◆ EXERCISE
Look in the listing below for the line that has "Problem 1. Figure", then return it and each following line up to and including the one with "この秋は全国各地の市街地で野", exactly and without pictures.

◆ DATA EXCERPTS
⟨

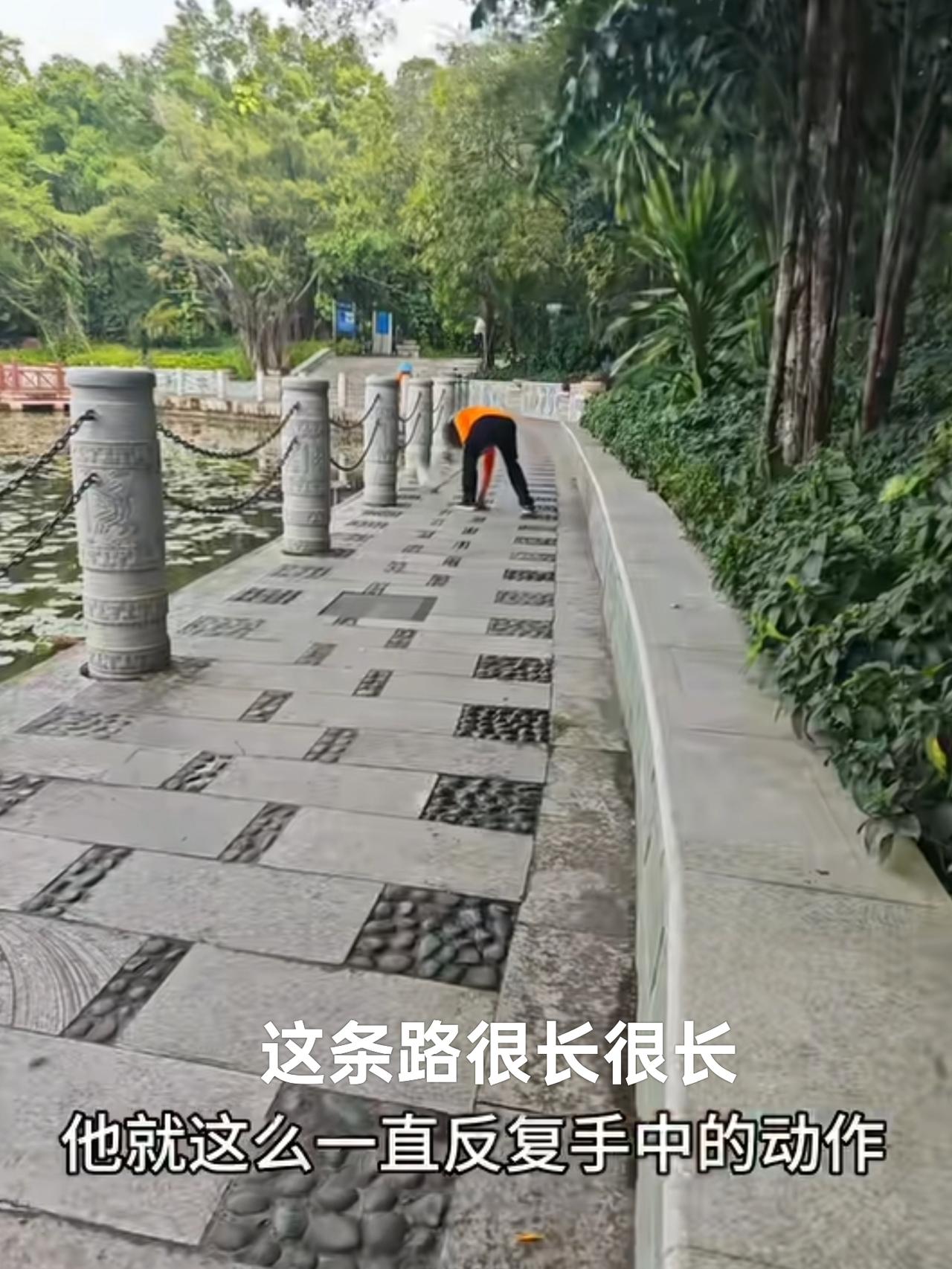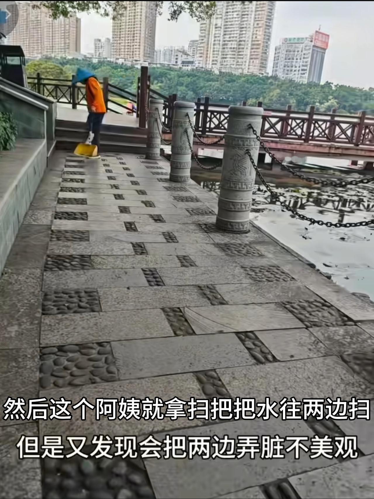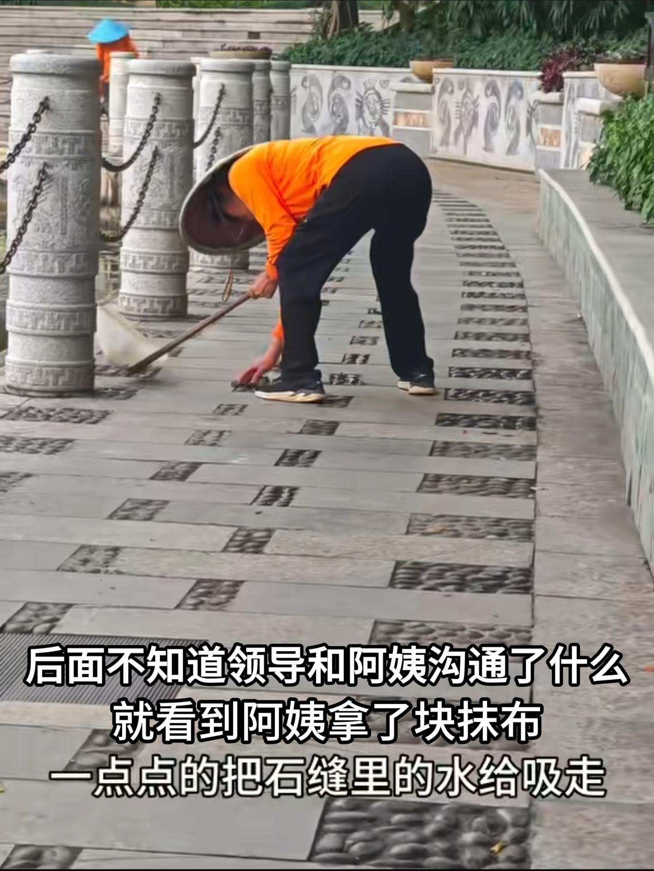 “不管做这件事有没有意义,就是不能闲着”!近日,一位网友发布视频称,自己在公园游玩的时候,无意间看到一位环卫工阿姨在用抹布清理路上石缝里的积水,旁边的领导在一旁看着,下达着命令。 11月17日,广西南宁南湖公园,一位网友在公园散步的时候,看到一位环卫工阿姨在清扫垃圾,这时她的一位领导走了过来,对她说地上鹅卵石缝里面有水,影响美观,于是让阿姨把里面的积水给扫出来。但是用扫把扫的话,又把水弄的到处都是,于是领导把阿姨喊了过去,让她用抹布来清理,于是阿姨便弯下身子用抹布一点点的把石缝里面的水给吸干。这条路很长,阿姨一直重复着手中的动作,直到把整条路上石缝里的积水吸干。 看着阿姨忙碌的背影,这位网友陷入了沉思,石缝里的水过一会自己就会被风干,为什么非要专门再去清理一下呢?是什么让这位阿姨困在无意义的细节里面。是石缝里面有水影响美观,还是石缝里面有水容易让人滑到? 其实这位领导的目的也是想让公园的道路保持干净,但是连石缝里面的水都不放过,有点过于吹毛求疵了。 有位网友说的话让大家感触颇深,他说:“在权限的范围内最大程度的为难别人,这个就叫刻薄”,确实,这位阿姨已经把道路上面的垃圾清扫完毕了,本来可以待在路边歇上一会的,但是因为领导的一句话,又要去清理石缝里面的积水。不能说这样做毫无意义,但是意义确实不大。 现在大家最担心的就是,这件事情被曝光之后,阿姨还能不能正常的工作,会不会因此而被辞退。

⟩
⟨

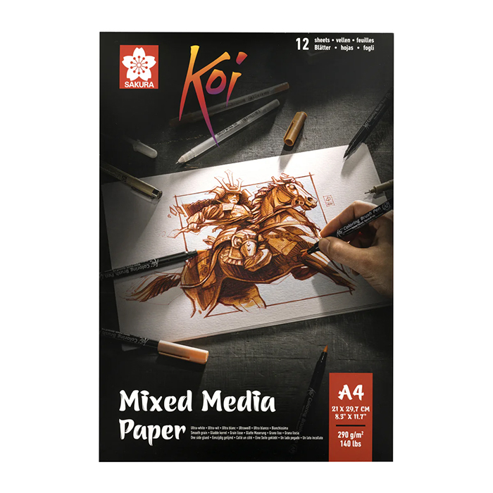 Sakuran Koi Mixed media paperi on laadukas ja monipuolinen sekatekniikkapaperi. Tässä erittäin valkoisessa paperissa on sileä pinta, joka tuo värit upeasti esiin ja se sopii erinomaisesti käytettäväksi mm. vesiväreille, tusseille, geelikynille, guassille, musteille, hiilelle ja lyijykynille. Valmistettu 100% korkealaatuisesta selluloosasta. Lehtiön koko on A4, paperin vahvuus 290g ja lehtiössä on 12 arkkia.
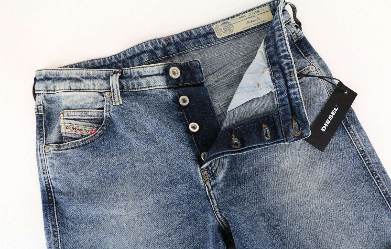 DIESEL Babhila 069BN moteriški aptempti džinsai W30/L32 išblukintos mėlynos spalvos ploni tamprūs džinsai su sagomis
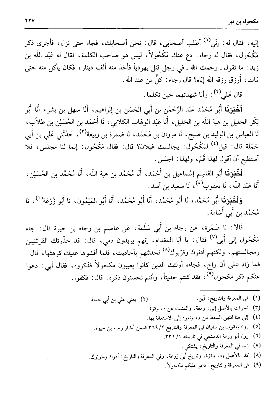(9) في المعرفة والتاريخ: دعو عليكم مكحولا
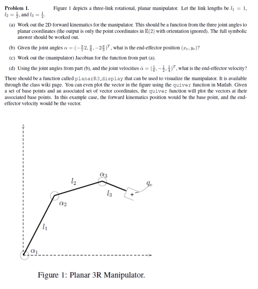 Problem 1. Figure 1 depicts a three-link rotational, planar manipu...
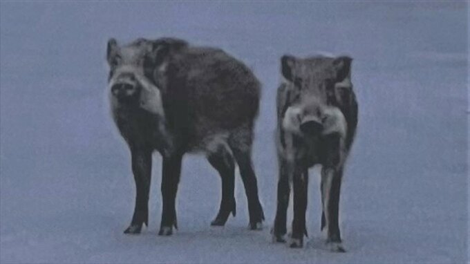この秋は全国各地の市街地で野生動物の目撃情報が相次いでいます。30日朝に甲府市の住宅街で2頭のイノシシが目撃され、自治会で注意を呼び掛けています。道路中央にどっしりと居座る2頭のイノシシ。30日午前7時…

⟩
⟨

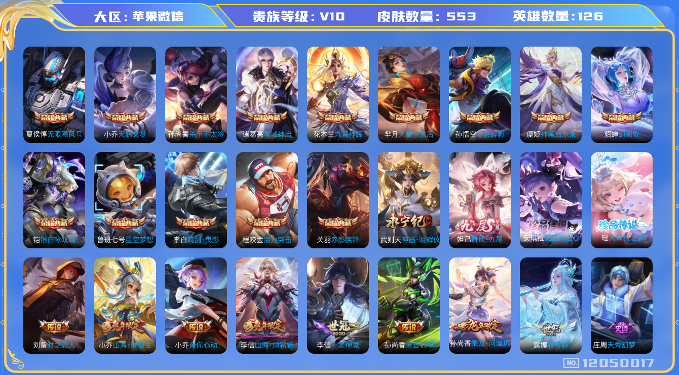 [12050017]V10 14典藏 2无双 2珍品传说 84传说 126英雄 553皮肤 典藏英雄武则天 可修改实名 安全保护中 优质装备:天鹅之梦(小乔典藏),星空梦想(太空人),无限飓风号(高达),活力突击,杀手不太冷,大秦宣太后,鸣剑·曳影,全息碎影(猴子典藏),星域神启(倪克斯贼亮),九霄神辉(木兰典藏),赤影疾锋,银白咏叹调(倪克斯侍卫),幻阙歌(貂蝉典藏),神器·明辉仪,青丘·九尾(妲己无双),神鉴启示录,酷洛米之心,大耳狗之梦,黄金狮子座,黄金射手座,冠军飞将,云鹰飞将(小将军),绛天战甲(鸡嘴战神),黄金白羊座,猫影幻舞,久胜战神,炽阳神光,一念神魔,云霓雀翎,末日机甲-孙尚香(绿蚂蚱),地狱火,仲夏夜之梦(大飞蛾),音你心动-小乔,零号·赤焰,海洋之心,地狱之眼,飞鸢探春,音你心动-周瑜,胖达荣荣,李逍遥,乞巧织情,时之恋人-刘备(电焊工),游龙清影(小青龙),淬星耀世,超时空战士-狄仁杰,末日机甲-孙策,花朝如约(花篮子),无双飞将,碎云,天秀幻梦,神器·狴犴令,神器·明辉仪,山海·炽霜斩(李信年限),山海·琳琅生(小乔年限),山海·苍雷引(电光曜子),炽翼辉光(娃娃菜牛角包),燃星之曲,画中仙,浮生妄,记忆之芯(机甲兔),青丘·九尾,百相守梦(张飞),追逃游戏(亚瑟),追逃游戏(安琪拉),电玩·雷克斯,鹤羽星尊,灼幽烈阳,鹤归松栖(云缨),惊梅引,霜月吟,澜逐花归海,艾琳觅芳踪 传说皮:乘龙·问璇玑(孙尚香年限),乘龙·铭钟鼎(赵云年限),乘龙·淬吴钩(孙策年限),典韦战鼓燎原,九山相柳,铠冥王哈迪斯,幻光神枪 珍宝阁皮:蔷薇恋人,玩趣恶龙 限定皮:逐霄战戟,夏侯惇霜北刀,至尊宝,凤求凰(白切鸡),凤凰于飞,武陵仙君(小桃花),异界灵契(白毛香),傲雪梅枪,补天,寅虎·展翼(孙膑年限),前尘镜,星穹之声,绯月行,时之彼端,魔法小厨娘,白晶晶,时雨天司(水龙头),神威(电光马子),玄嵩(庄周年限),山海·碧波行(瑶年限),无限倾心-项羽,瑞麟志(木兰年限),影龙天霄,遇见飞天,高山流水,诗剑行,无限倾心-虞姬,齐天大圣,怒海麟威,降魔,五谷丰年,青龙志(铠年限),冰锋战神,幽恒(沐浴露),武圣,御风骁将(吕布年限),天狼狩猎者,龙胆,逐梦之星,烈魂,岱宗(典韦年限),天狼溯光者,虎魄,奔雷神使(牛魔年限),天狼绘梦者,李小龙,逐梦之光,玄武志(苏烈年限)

⟩

◆ ANSWER SPACE
 Problem 1. Figure 1 depicts a three-link rotational, planar manipu...
この秋は全国各地の市街地で野生動物の目撃情報が相次いでいます。30日朝に甲府市の住宅街で2頭のイノシシが目撃され、自治会で注意を呼び掛けています。道路中央にどっしりと居座る2頭のイノシシ。30日午前7時…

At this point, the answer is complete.